▶ WORK ITEM
Transcribe the entries below exactly, starting with the line that has "La cabeza móvil" and stopping after the line that has "Le poster se"; no pictures belong in the copy.

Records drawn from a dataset

********************

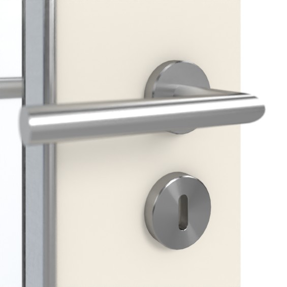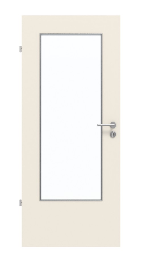 Dzięki dużemu wycięciu na szybę drzwi wpuszczają światło do pomieszczenia. Nałożone listwy tworzą piękną ramę. Kremowo-biały odcień Dawn wprowadza do pomieszczeń ciepłą i przytulną atmosferę. Wytrzymała i odporna na światło warstwa wierzchnia HPL jest odporna na zarysowania i ścieranie i została zaprojektowana z myślą o codziennym intensywnym użytkowaniu.
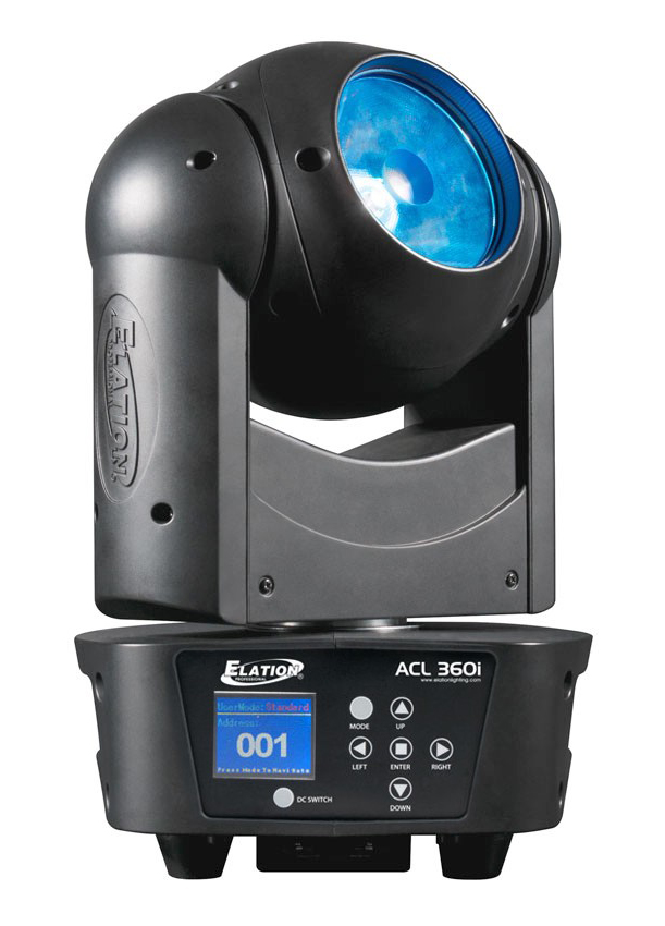 La cabeza móvil con giro continuo de 360° en Pan y Tilt Elation ACL 360i cuanta con un módulo Led RGBW de 60 vatios de potencia y una lente ACL (Advanced Collimator Lens) que proporciona un haz de 4° de apertura.
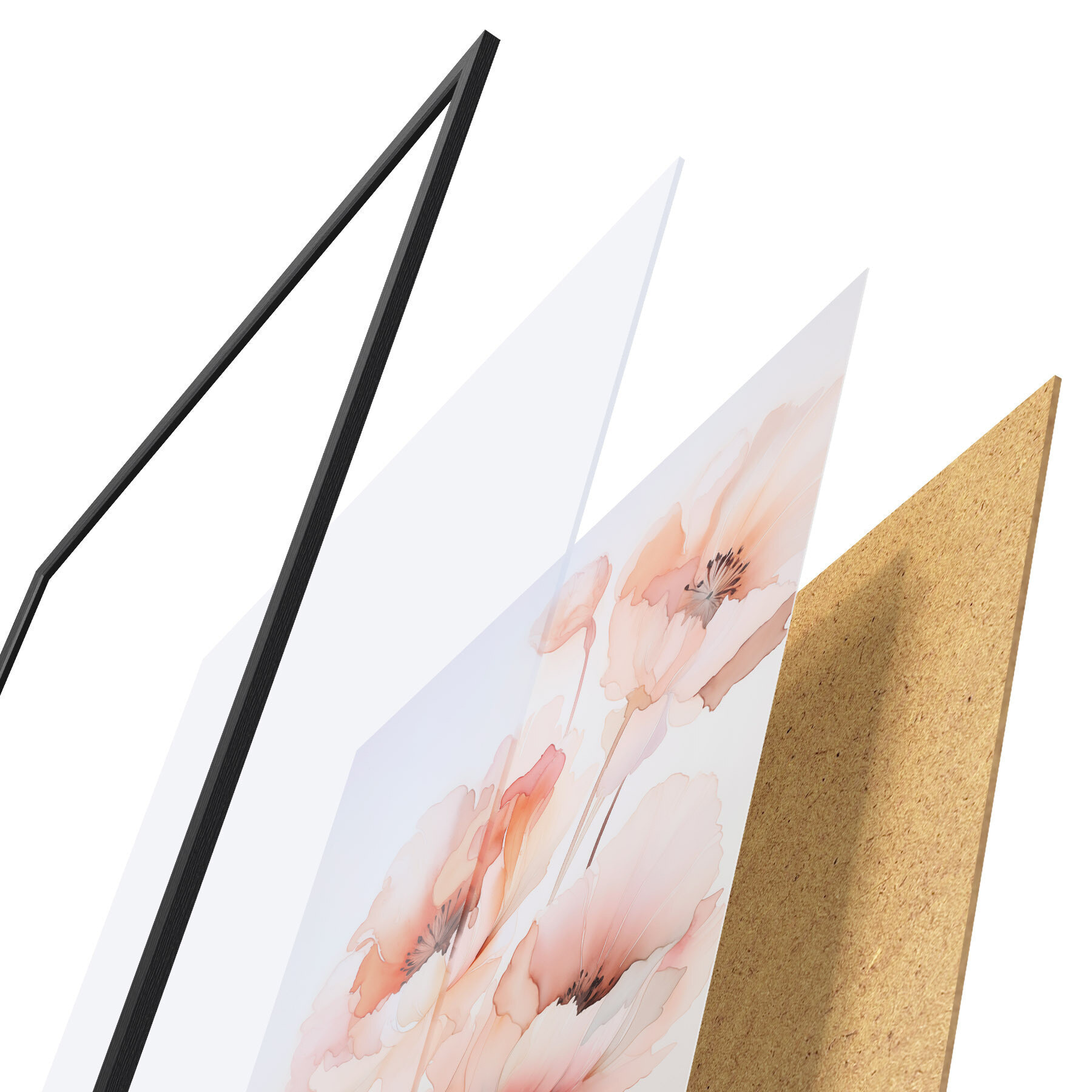Le poster se compose d'un cadre, d'un plexiglas, d'une image imprimée et d'un support en aggloméré. Le poster peut être immédiatement accroché au mur grâce aux fixations au dos.
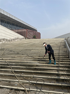 在清洗過程中,保潔人員們遇到了不少挑戰。由于樓梯上的灰塵較多,他們不得不穿著厚重的雨靴進行作業,以防污水濺到身上。高壓水槍的使用也頗具技巧,保潔人員需要對準每一個污漬,一點一點地進行沖刷。對于一些特別頑固的污漬,他們更是毫不留情,用力地對著污漬沖刷,直到其徹底消失。
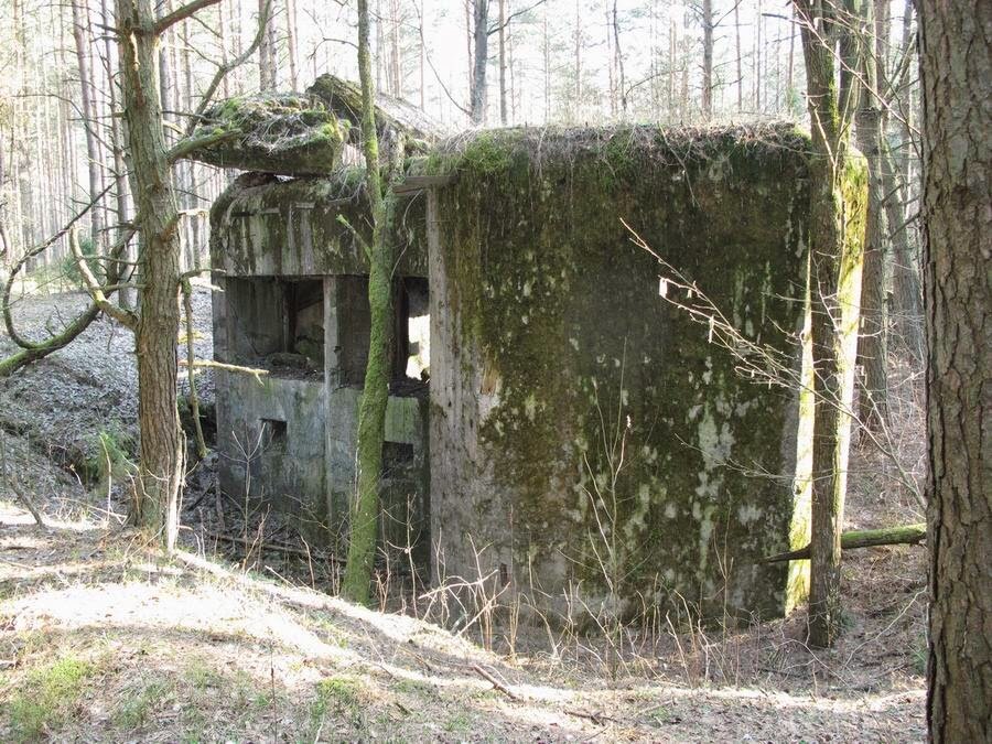 Но вернемся к нашим баранам. Свернув с трассы к деревне Саковичи я легко нашел и осмотрел все сооружения опорного пункта, оставив напоследок самое вкусное - двухэтажный артиллерийский полукапонир 029, расположенный у кладбища. Сквозь сосны легко заметить характерную груду бетона на месте подорванного сооружения.

********************

▶ OUTPUT OF THE EXERCISE
 La cabeza móvil con giro continuo de 360° en Pan y Tilt Elation ACL 360i cuanta con un módulo Led RGBW de 60 vatios de potencia y una lente ACL (Advanced Collimator Lens) que proporciona un haz de 4° de apertura.
Le poster se compose d'un cadre, d'un plexiglas, d'une image imprimée et d'un support en aggloméré. Le poster peut être immédiatement accroché au mur grâce aux fixations au dos.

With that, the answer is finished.